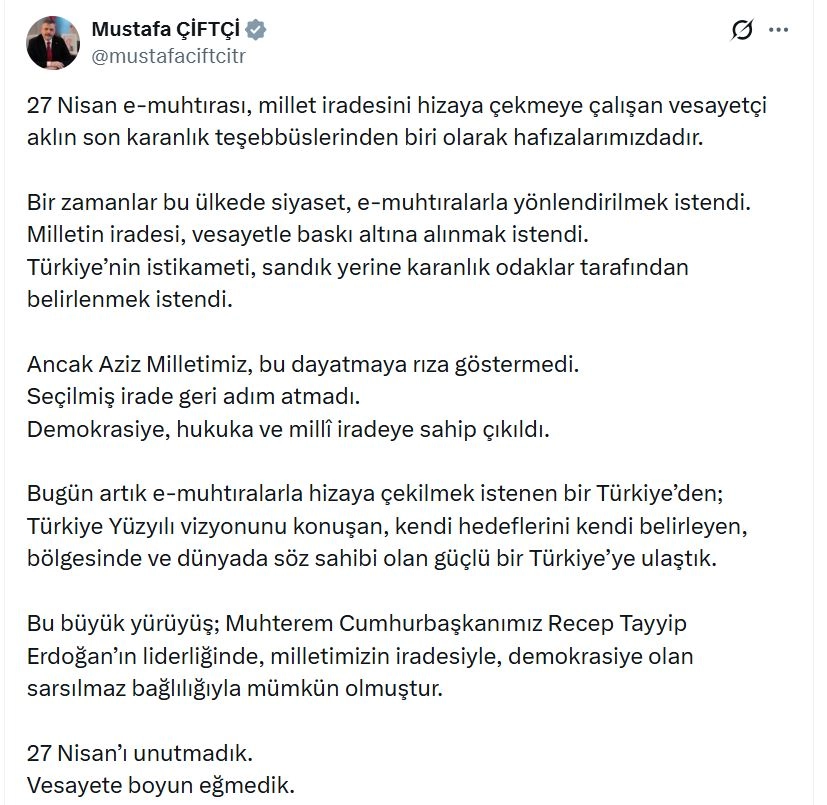 Bakan Çiftçi, sanal medya hesabından yaptığı açıklamada, "27 Nisan e-muhtırası, millet iradesini hizaya çekmeye çalışan vesayetçi aklın son karanlık teşebbüslerinden biri olarak hafızalarımızdadır. Bir zamanlar bu ülkede siyaset, e-muhtıralarla yönlendirilmek istendi. Milletin iradesi, vesayetle baskı altına alınmak istendi. Türkiye'nin istikameti, sandık yerine karanlık odaklar tarafından belirlenmek istendi. Ancak aziz milletimiz, bu dayatmaya rıza göstermedi. Seçilmiş irade geri adım atmadı. Demokrasiye, hukuka ve millî iradeye sahip çıkıldı" dedi.
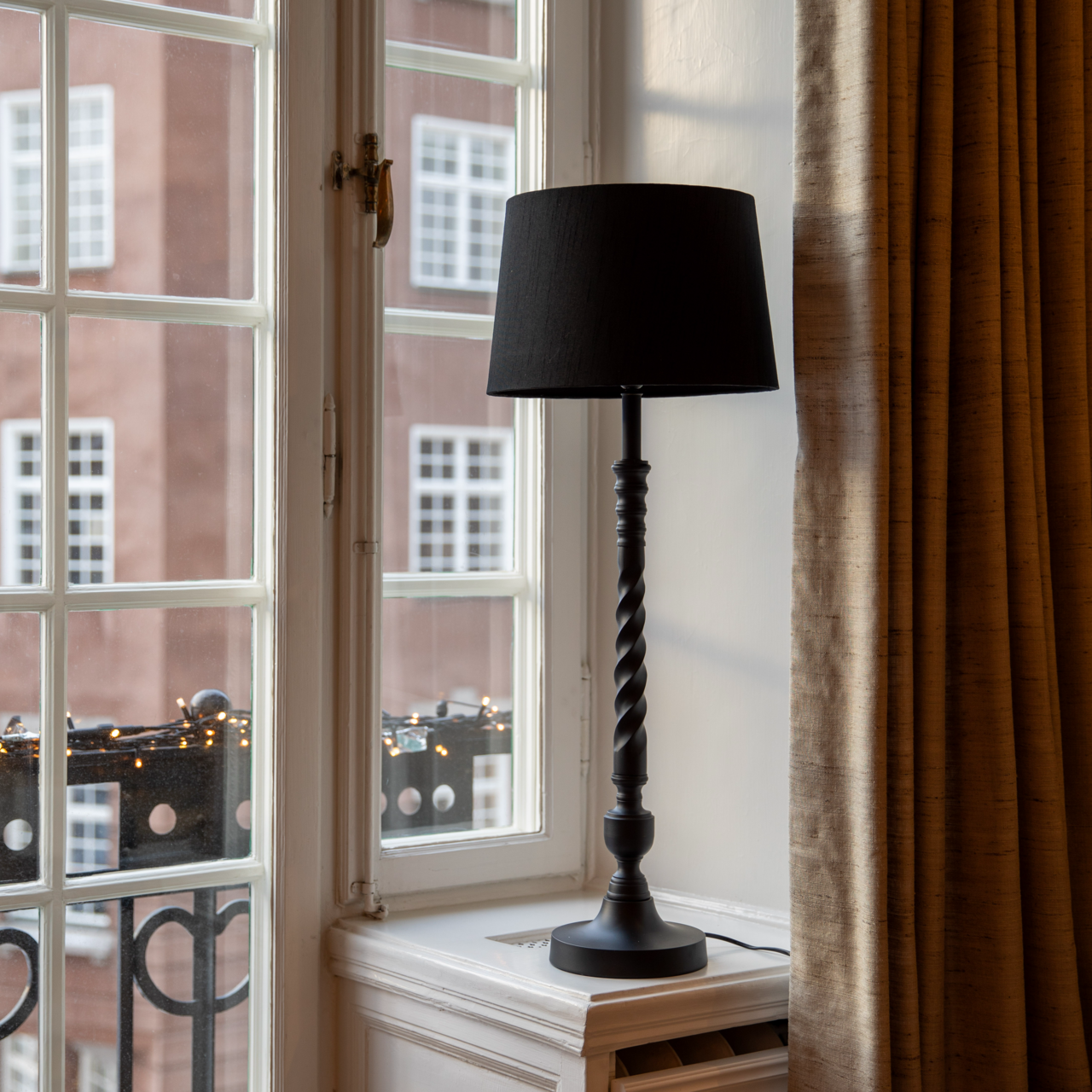 Vackert tvinnad lampfot i mattsvart metall. Med sin klassiska design och rejäla höjd passar den alla inredningsstilar.
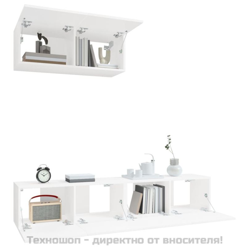Комплект ТВ шкафове от 3 части, бял, инженерно дърво
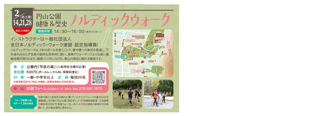 | 【概 要】 | 市民の森(八坂神社北側の広場)でノルディックウォークの基本を30分程練習し、その後に円山公園と周辺ポイント施設まで往復します。健康づくりと歴史に親しむ教室です。(各回ごと受講可。ポールはレンタルします。) |
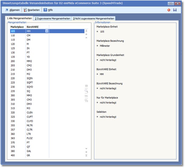 << Hier KLicken um eine Inhaltsübersicht anzuzeigen >> Navigation: Warenwirtschaft > Extras > Shopmanager > Marketplaces > emMida > Marketplace verwalten > Umsetzungstabellen > Mengeneinheiten |
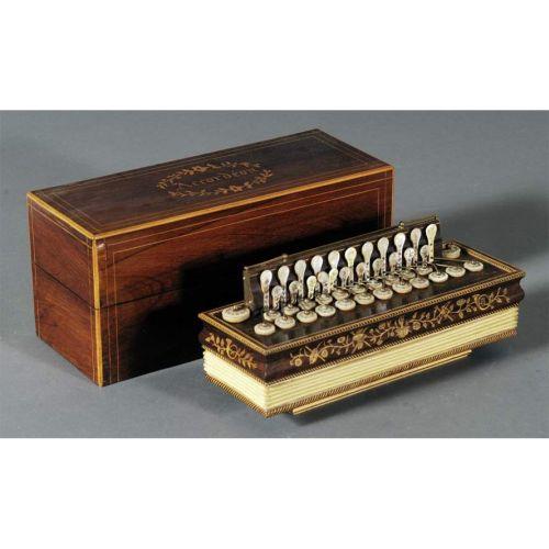 1 FRENCH CASED ROSEWOOD<BR>ACCORDIAN, 13" long<BR>mid-19th century<BR>CONDITION REPORT: small veneer repairs to front corners of the case. <BR>PACKING AND SHIPPING (excluding insurance) by Fairfield Auction to points within the Continental U.S.A. (all international shipments must be handled by 3rd party shipper) $40.
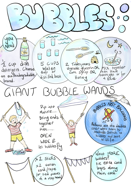 When ready, dip the bubble wands into mixture, bring ends together then open wide and let bubbles fly.
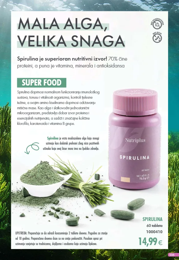 mala alga, velika snaga super food spirulina doprinosi normalnom funkcioniranju imunološkog sustava, tonusu i vitalnosti organizma, kontroli tjelesne težine, a svojim amino kiselinama doprinosi održavanju mišićne mase. kao alga i slatkovodni jednostanični mikroorganizam, predstavlja dobar izvor proteina i esencijalnih nutrijenata, a sadrži i značajne količine klorofila, karotenoida i vitamina b grupe. spirulina je superioran nutritivni izvor! 70% čine proteini, a puna je vitamina, minerala i antioksidansa 135 upotreba: preporučuje se da odrasli konzumiraju 2 tablete dnevno. pogodno za starije od 18 godina. preporučene dnevne doze se ne smiju prekoračiti. poseban oprez pri uzimanju savjetuje se trudnicama, dojiljama i osobama koje uzimaju lijekove. 1000410 14,99 € spirulina 60 tableta spirulina je vrsta modrozelene alge koju mnogi uzimaju kao dodatak prehrani zbog niza pozitivnih učinaka koje ovaj biser mora ima na ljudsko zdravlje. b e z k o n z e r v a n s a b e z b o j a 1000410
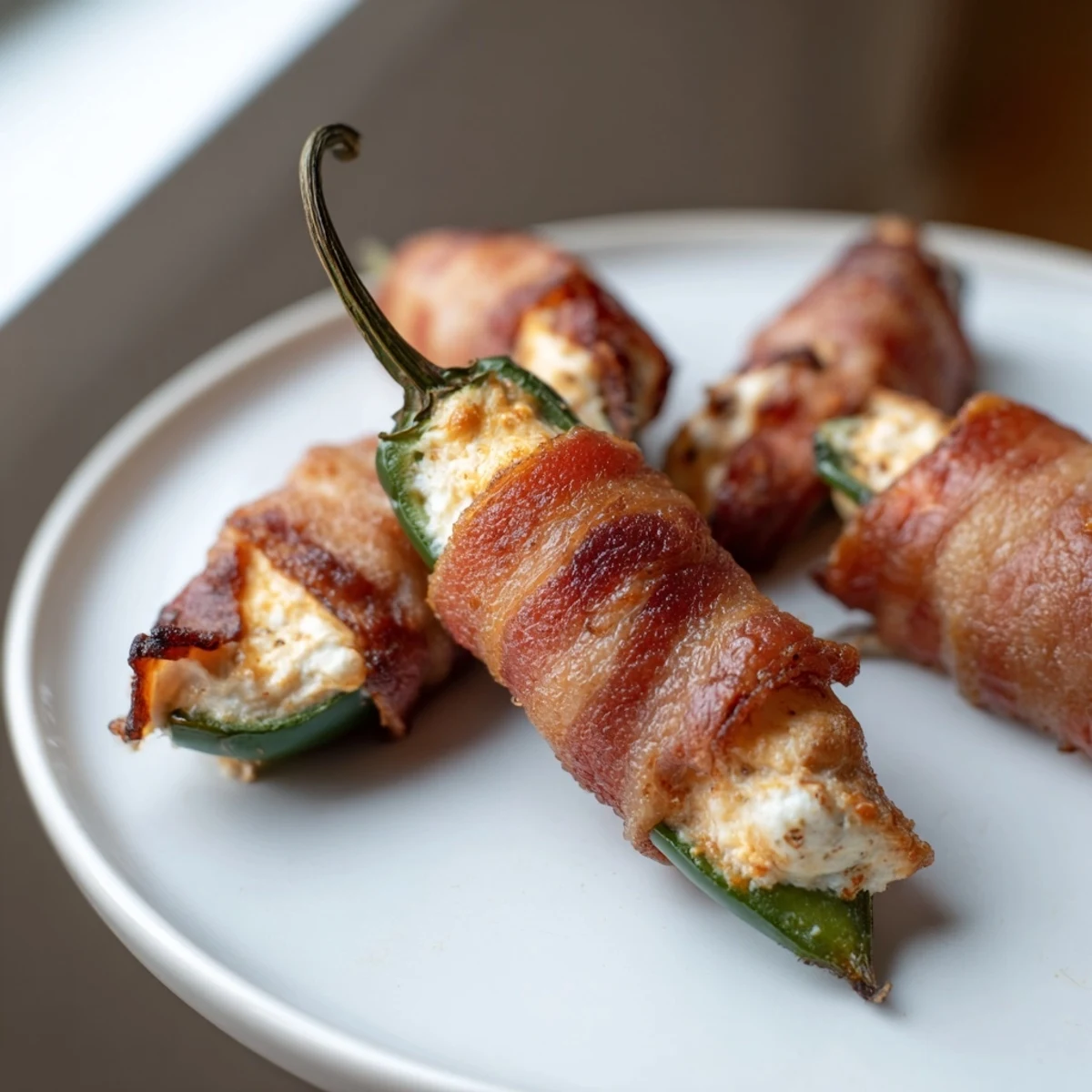 Arrange poppers cheese side up on a lined baking sheet and bake at 200°C (400°F) until bacon is crispy and cheese bubbles, about 18-20 minutes.
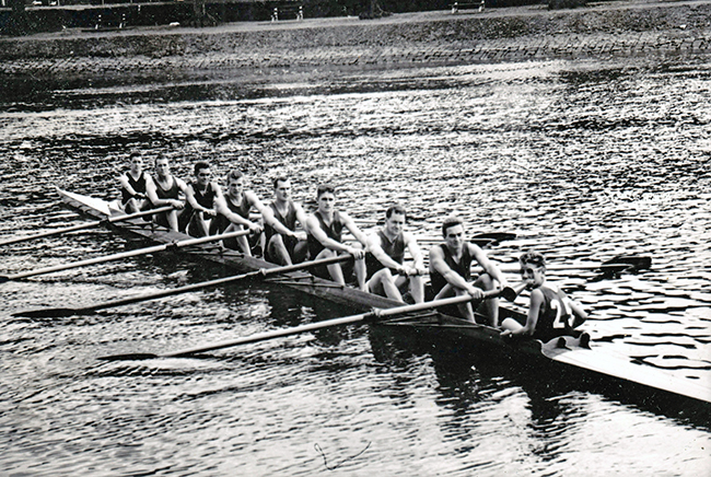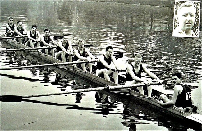 Alan in the stroke seat of 1958 Yarra Yarra Maiden Eight
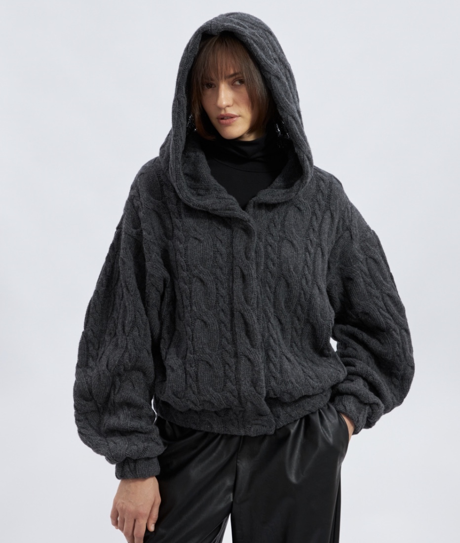Кардиган свободного объема, прямого силуэта, с V-образным вырезом, длиной до линии бедер.
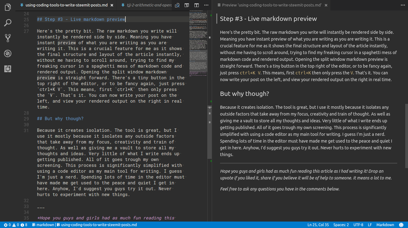 Great idea here! I have been using VS Code for quite a while now to work on JS codes. I even use it to preview markdown that I put into my GitHub repo. But for some reason, I never thought of using it for my posts on Steemit.
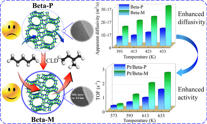 针对上述问题,该课题组前期探索了分子筛界面扩散及对催化异构化反应过程的影响(J. Catal., 2018, 360, 152-159; Angew. Chem. Int. Edit., 2020, 59, 1548-1551.),在此基础上本次工作研究了分子筛表面扩散过程,认识表面扩散阻力对催化异构化反应性能的影响机制。实验中通过化学液相沉积法调控Beta分子筛表面扩散阻力,并比较调控前后两个Beta分子筛催化剂催化正戊烷异构化的表观活性。研究发现Beta分子筛表面扩散阻力降低后,正戊烷的表观扩散系数可增大148%,分子筛催化活性可提高131%,表明通过调控表面扩散阻力可显著提升分子筛催化剂性能。该工作加深了对分子筛上扩散过程的认识,为工业分子筛的优化升级提供了新思路。

#### Problem requirements
Nothing but the lines above, starting at the line that contains "Кардиган свободного объема, прямого" and ending at the line that contains "Great idea here!", should be given again, exactly and without the pictures.

#### Answer to the problem
Кардиган свободного объема, прямого силуэта, с V-образным вырезом, длиной до линии бедер.
 Great idea here! I have been using VS Code for quite a while now to work on JS codes. I even use it to preview markdown that I put into my GitHub repo. But for some reason, I never thought of using it for my posts on Steemit.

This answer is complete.